WHAT YOU ARE ASKED TO DO
Print exactly what appears from the line containing "MĪĻI: Bērnu un suņu kopīga diendusa" through the final line of the data below, pictures excluded.

[Data extracted from a collection]
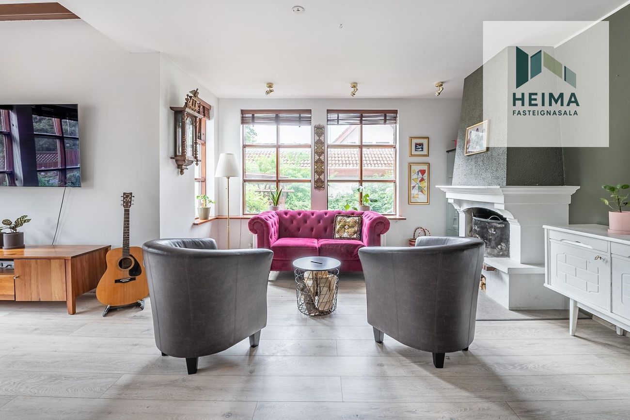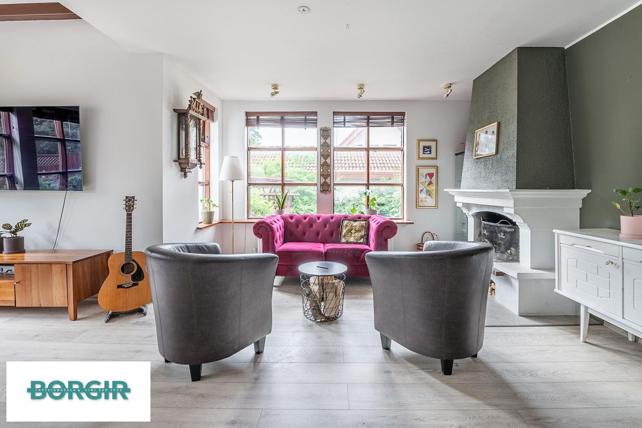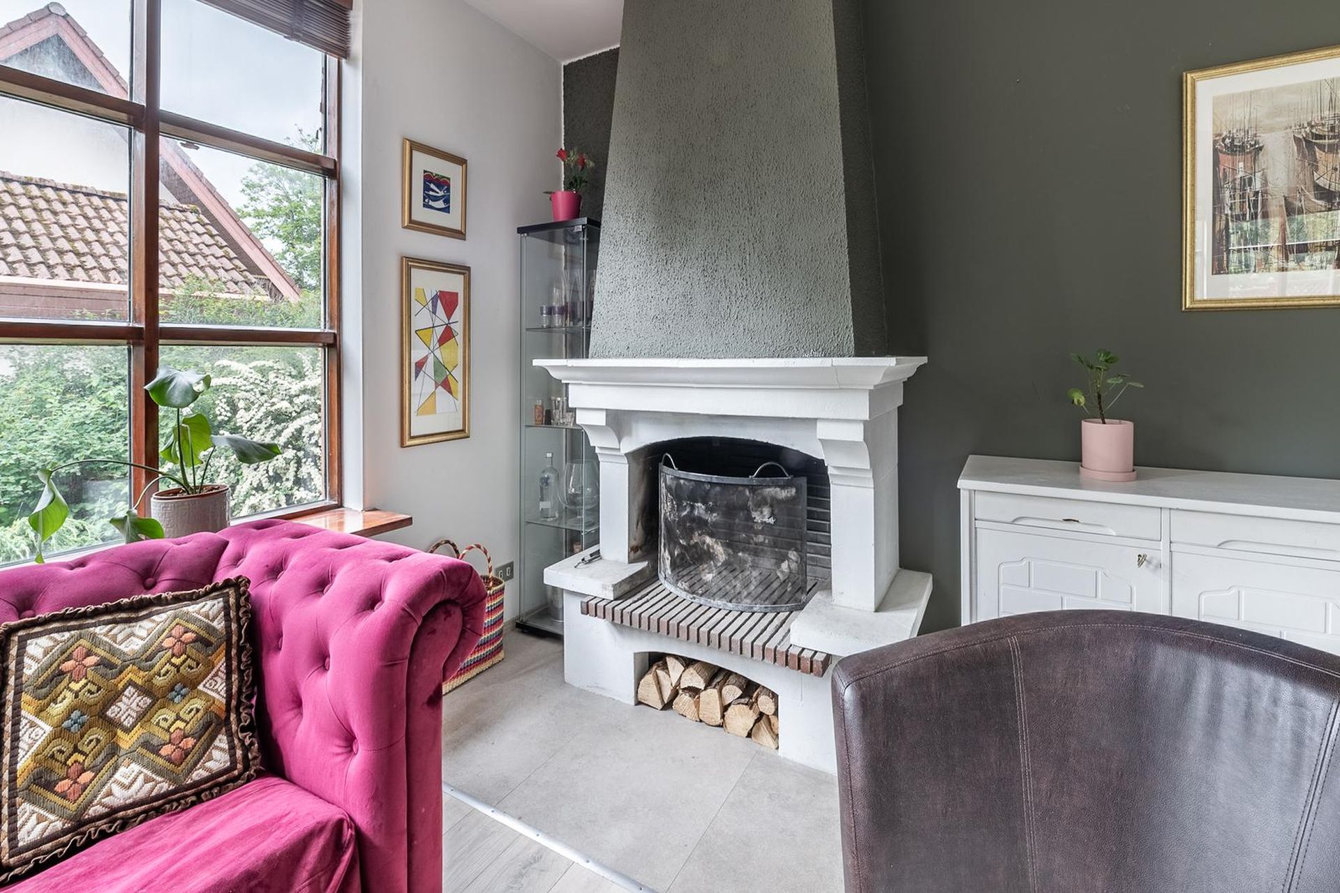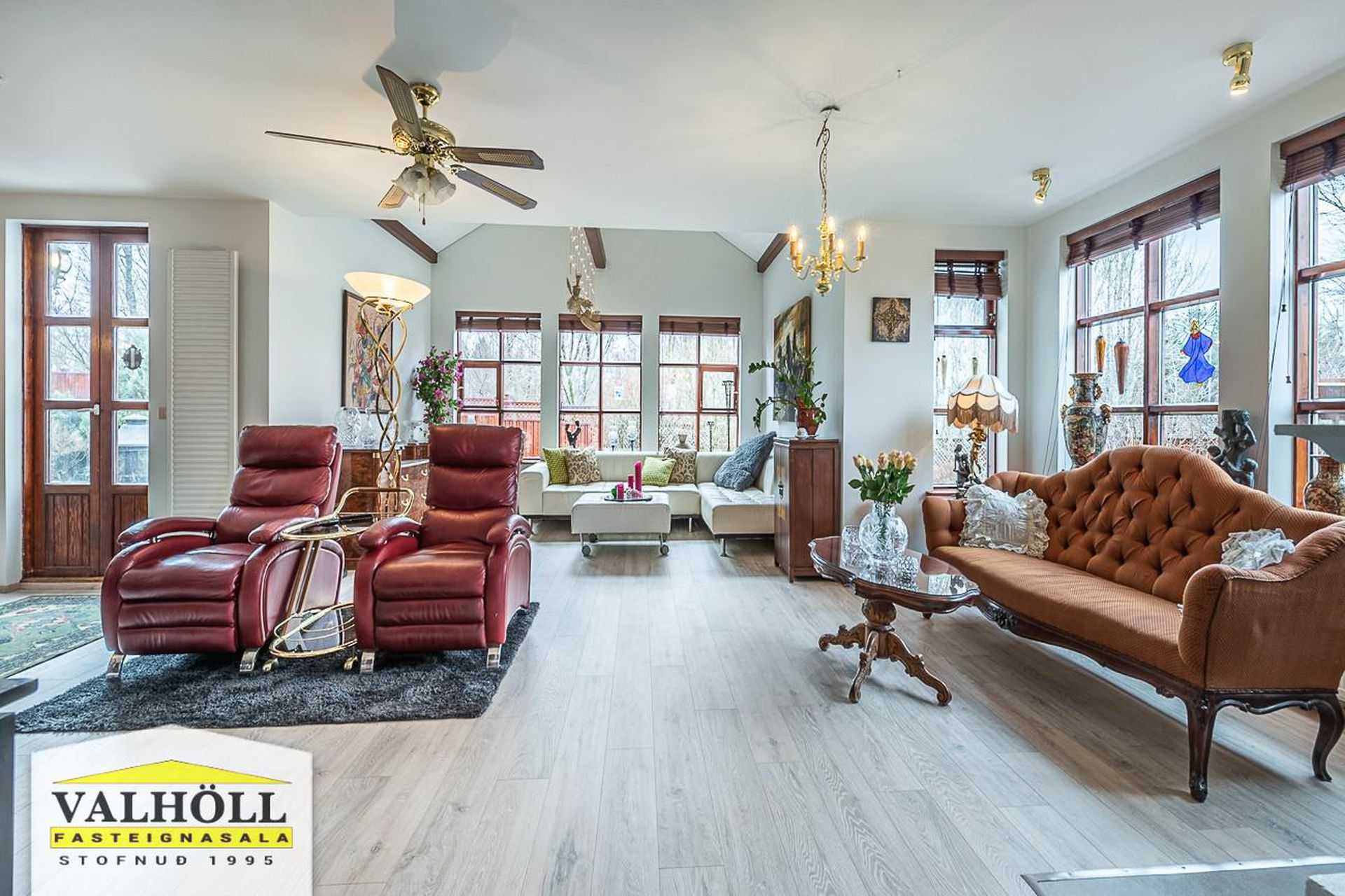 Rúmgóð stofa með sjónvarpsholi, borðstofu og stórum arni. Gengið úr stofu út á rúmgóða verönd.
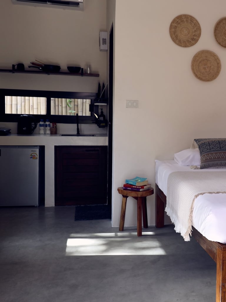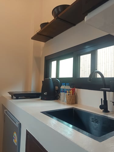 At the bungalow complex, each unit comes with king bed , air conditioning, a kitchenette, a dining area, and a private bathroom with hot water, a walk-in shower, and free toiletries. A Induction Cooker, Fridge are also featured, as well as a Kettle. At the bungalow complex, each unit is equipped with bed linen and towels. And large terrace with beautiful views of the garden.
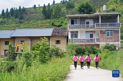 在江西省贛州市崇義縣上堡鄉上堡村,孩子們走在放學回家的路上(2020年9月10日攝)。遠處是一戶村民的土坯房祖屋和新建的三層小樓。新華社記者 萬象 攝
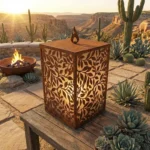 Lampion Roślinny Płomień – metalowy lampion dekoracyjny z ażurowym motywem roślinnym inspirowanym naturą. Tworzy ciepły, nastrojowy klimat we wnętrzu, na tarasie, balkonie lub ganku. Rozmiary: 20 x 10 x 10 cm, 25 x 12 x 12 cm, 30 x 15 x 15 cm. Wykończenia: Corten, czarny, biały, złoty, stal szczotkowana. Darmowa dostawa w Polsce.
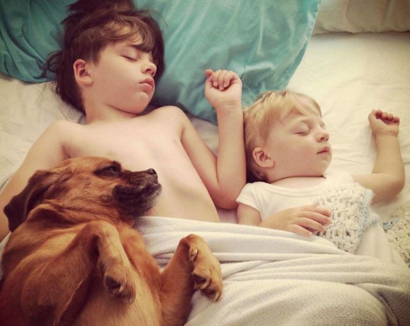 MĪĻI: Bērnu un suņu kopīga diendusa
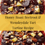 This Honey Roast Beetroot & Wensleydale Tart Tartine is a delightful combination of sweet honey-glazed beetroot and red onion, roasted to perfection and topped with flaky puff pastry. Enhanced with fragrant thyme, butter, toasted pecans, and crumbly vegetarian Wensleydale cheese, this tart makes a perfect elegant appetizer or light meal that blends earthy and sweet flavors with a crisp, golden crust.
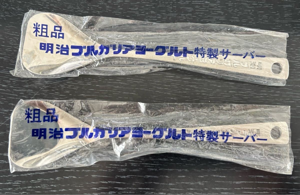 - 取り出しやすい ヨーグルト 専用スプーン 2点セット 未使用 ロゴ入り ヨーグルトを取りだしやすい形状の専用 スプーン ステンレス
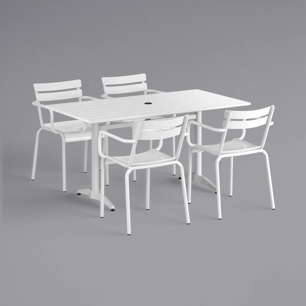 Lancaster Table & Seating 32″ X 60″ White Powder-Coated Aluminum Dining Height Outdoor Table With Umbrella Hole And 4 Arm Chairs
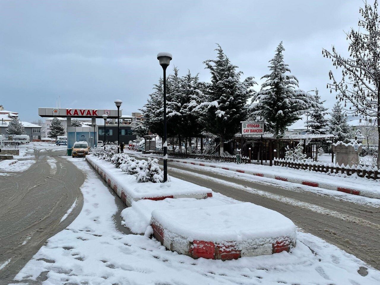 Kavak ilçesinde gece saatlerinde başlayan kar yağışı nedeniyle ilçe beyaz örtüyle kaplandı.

OUTPUT FOR THIS EXERCISE
 MĪĻI: Bērnu un suņu kopīga diendusa
 This Honey Roast Beetroot & Wensleydale Tart Tartine is a delightful combination of sweet honey-glazed beetroot and red onion, roasted to perfection and topped with flaky puff pastry. Enhanced with fragrant thyme, butter, toasted pecans, and crumbly vegetarian Wensleydale cheese, this tart makes a perfect elegant appetizer or light meal that blends earthy and sweet flavors with a crisp, golden crust.
 - 取り出しやすい ヨーグルト 専用スプーン 2点セット 未使用 ロゴ入り ヨーグルトを取りだしやすい形状の専用 スプーン ステンレス
 Lancaster Table & Seating 32″ X 60″ White Powder-Coated Aluminum Dining Height Outdoor Table With Umbrella Hole And 4 Arm Chairs
 Kavak ilçesinde gece saatlerinde başlayan kar yağışı nedeniyle ilçe beyaz örtüyle kaplandı.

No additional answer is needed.